Bayerns Ministerpräsident Markus Söder (CSU) sieht Zurückweisungen an der Grenze als letzte Konsequenz, falls andere Bundesländer bei den von Bayern befürworteten Ankerzentren nicht mitziehen. In diesen von Innenminister Horst Seehofer (CSU) propagierten Zentren soll das komplette Asylverfahren abgewickelt werden. Außer Bayern sehen viele Länder die Pläne skeptisch.

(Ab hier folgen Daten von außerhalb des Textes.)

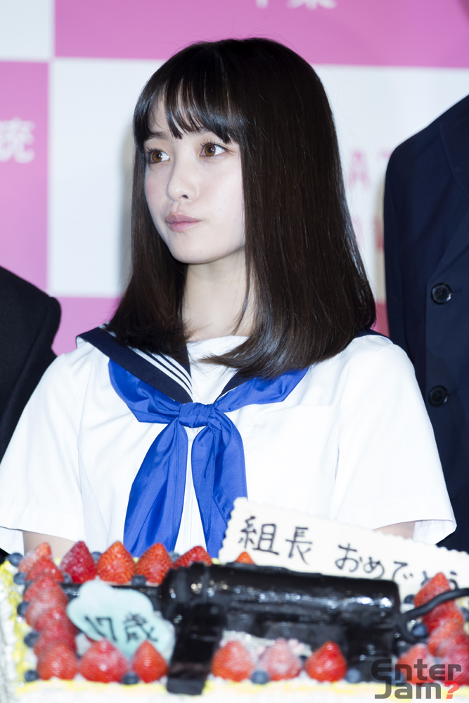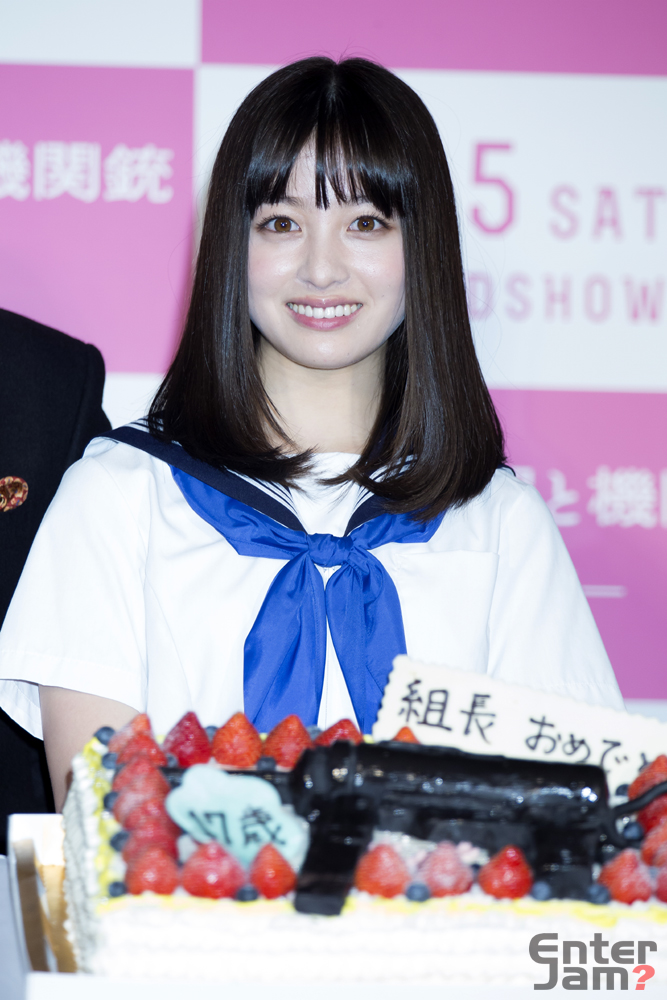 ここで本日【2月3日(木)】に17歳の誕生日を迎えた橋本環奈に対して、登壇者と会場の人たちでサプライズで誕生日を祝った。 機関銃をかたどった特製ケーキが運ばれ観客から「組長!お誕生日おめでとう!!」という掛け声がかけられると、「誕生日なんて気づいていなかった、こんなに大勢の方に祝われるのは初めてなのでとてもうれしいです!」とコメント。主演を務めさせていただき、また主題歌も担当させていただきました。この映画をきっかけに芯のある女優さんになっていきたいと思いますし、演技も歌ももっともっと頑張っていきたいです。」とこれからの抱負を元気よく語った。

„Das europäische Rechtssystem ist klar“, sagte der bayerische Innenminister Joachim Herrmann (CSU) im sachsen-anhaltischen Quedlinburg, wo zurzeit die Innenminister der Länder tagen. „Das Asylverfahren ist dort durchzuführen, wo jemand das erste Mal in Europa ankommt.“

Wer schon von einem anderen EU-Land erfasst sei, solle besser gleich dorthin zurückgeschickt werden anstatt eine längere Prüfung in Deutschland zu beginnen. „Das produziert nur unendlich viel Bürokratie und hilft dem Betreffenden ja auch nicht weiter“, sagte Herrmann.